Partners In Learning Blog Team

Partners In Learning Blog Team
Blog Team

Sunday, June 19, 2011

Special Instruction

I have the privilege of providing early intervention to this wonderful little boy each week.  He was recently diagnosed with autism spectrum disorder (ASD).  ASDs begin before the age of 3 and last throughout a person's life, although symptoms may improve over time. Some children with an ASD show hints of future problems within the first few months of life. In others, symptoms might not show up until 24 months or later.
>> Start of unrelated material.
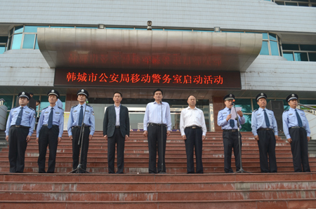 9月29日上午,陜西韓城公安局20臺(tái)鴻馬移動(dòng)警務(wù)室啟動(dòng)儀式在韓城市公安局舉行。韓城市領(lǐng)導(dǎo)冀會(huì)康、張喜出席啟動(dòng)儀式,韓城市公安局局長(zhǎng)沈軍主持。
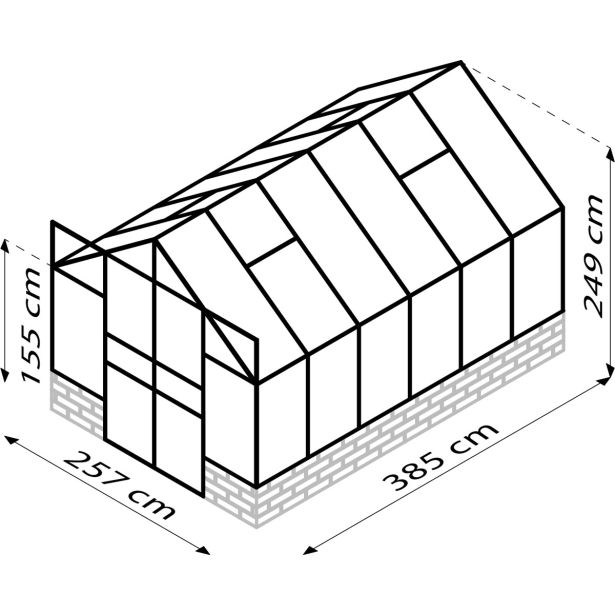 Rastlinjak Cassandra z elegantnim opečnim podnožjem (ni priloženo) združuje udobje, zasebnost in optimalne pogoje za rast rastlin. Kaljeno varnostno steklo, prostorna notranjost, odlično prezračevanje ter drsna vrata za udoben dostop. Slike so simbolične.

Some children with an ASD seem to develop normally until around 18 to 24 months of age and then they stop gaining new skills, or they lose the skills they once had

In the video, I am working with this child on several of his goals.  I am working on gaining joint attention.  This happens when the child is engaged interacting with the adult or another child.  In this case, I am following his interest to gain his attention and engagement.  He absolutely loves play dough.  I label and describe different features of the activity.  The more joint-attention-activity games you play with the child, the more he will start to initiate play and attempt to include you in the play activity. Any attempt on the part of the child is an opportunity to use words to describe and label the actions of the play. 

In this video you will see this child learning to take turns, attempt to say "ball" and "snake", follow directions "give me five", make eye contact, and imitating what I do.  This child was not able to do any of this just 2 months ago, but with weekly sessions and parent follow through, he is on the way to full engagement and talking.  It's exciting!